Была одна особенно тревожная ночь. Проснулась старушка и спрашивает сына, как маленького: «Юрик, что ты свистишь?» А тот и в ус не дует, буянит и не дает спать старухе. «Иезус, Мария! – прошептала старая. – Да то же не Юрик, то бес!» Стала молиться и каяться своему ксендзу в родной Вильне. Грех большой у старушки: по слабости, по материнской любви к сыну не может оставить бесовскую гору. Обещается каждый год уйти в Вильну и, когда приходит срок обещания, просится: «Юрик, отпусти меня на родину, я скоро умру». – «Куда же ты пойдешь, – говорит сын, – у нас теперь ничего нет в Вильне». – «Как ничего, а церковь?» Ясно, куда просится мать: тяжело нести годы земные, туда просится мать, где не сеют, не жнут бесплотные духи. Юрик мать свою не отпускает, а сама не смеет уйти. Вот и свистят теперь бесы, а старухе чудится, что это ее Юрик свистит. Прошептала молитву, чиркнула спичку; горит, а не светит огонь. Это была страшная ночь на горе. Ураган раскидал по крыше трубу и выдул в дом из печи золу. Огонь в пыли не светит, морозу в доме все прибывает, а маленький Aedelweisz был тогда еще совсем крошечный, грудной младенец. Пробовали печь затопить; ветер выкинул в дом горящие дрова, отворили дверь и форточки, морозу еще в доме прибыло. Пришлось ночью лазить по крыше над пропастью, собирать с фонарем кирпич по кирпичу и складывать трубу. Мать согревала телом дитя, отец мастерил трубу, старушка молилась и обещалась этим же летом идти на родину, искать свою церковь. Кончилась ночь благополучно, и мало-помалу зима прошла. А летом хорошо на Яйле, не жарко, не холодно, ноги и поясница не болят. Попросилась слабо раз-два у Юрика, смолкла и до сих пор живет на горе и, просыпаясь в бесовские ночи, спрашивает: «Юрик, ты что свистишь?»
Мучатся люди в одиночестве, а случится увидеть нового человека, непременно расскажут сначала о себе, а потом уже спрашивают о том, чего им не хватает: о мире далеком, прекрасном и полном.
– Что, персики внизу уже зацветают? – спрашивают снежные люди.

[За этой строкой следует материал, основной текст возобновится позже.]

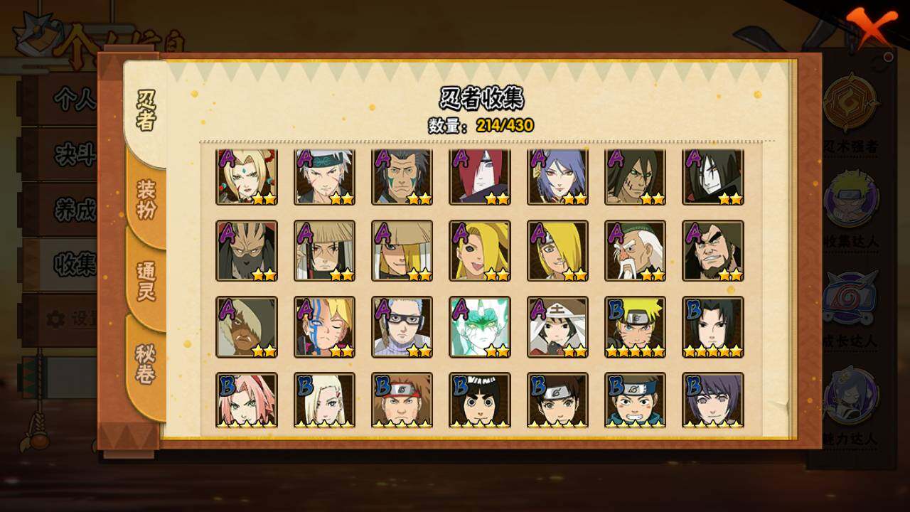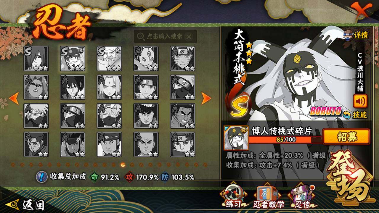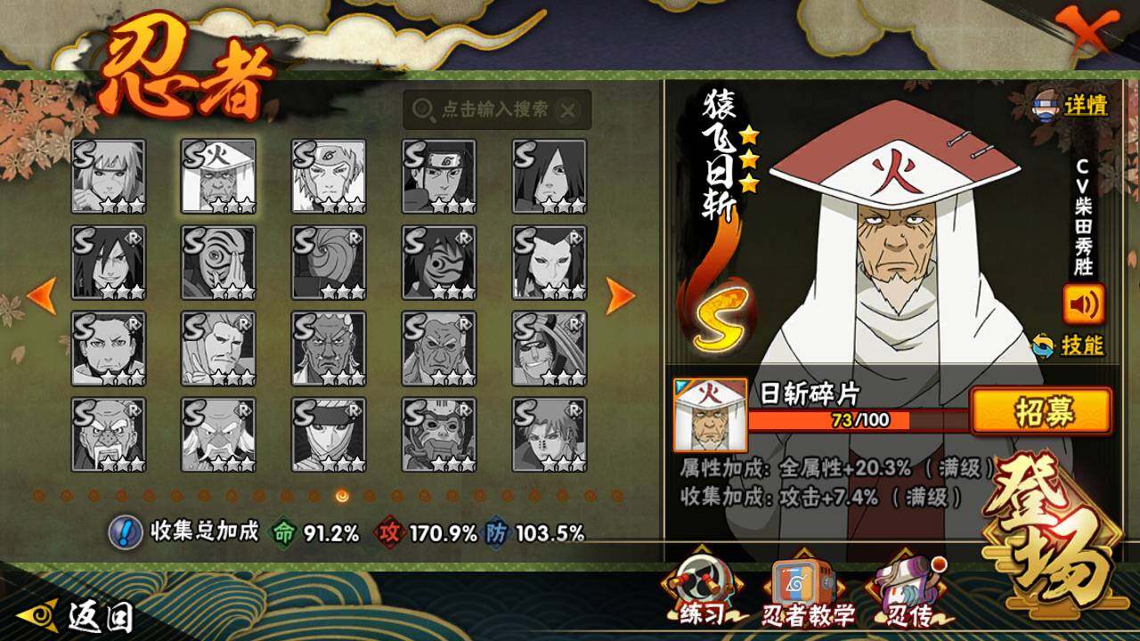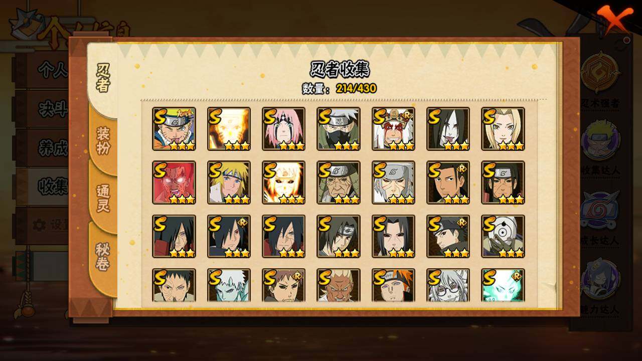 【S级忍者】:猿飞日斩「秽土转生」(3星),千手扉间「秽土转生」(3星),千手柱间「秽土转生」(3星),宇智波鼬「秽土转生」(3星),宇智波斑「秽土转生」(3星),宇智波斑「秽土转生·解」(3星),春野樱「忍界大战」(3星),宇智波带土「忍界大战」(3星),艾「忍界大战」(3星),宇
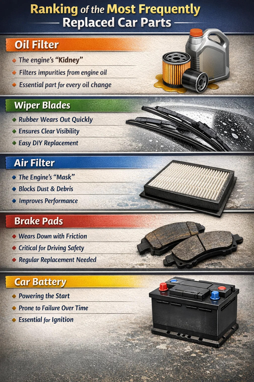▶En Sık Değiştirilenlerin Sıralaması Araba Parçaları
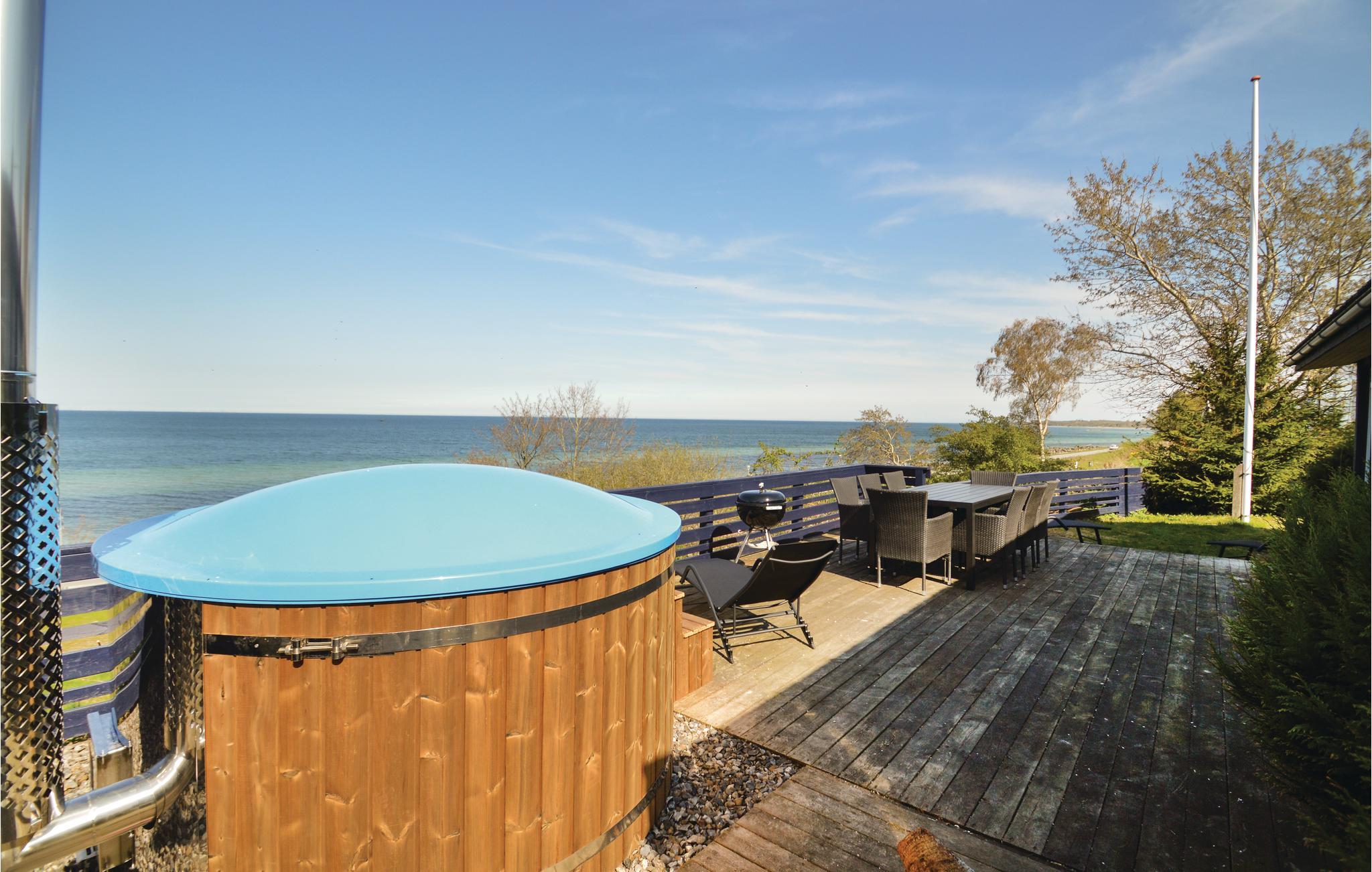 Med panoramaudsigt over Køge Bugt, ligger dette dejlige sommerhus. Huset er udstyret med komfortable møbler og gode senge. I det dejlige køkken finder I alt i moderne hjælpemidler, og fra den store stue har I en flot udsigt over vandet. Til huset hører en stor terrasse med panoramaudsigt samt en rigtig hyggelig grillhytte med plads til otte personer. Endvidere kan I sidde i det lækre, brændefyrede vildmarksbad på terrassen og nyde udsigten og måske også synet af den smukke stjernehimmel.

Не успеваю ответить о персиках, спрашивают о войне, о новом законе в Западном крае, о Художественном театре в Москве. За семь лет зимой это всего третий случай поговорить с человеком из мира, где в это время начинают цветы зацветать. Раз какой-то бедный чахоточный учитель по недостатку средств пешком возвращался через горы из двухнедельного отпуска в Крым для поправления здоровья. Другой раз под Новый год какой-то одинокий господин стосковался по снегу, родине и пошел прогуляться в горы. Стал подниматься выше и выше; пришло в голову, что в летнее время видел ресторан, и он задумал достигнуть вершины и в ресторане переночевать. А на Яйле была такая же метель, как теперь. Странный господин подошел к забитому ресторану, не заметил домика научной станции, перекружился, спутал направление и пошел в степь. Случайно его заметили и спасли.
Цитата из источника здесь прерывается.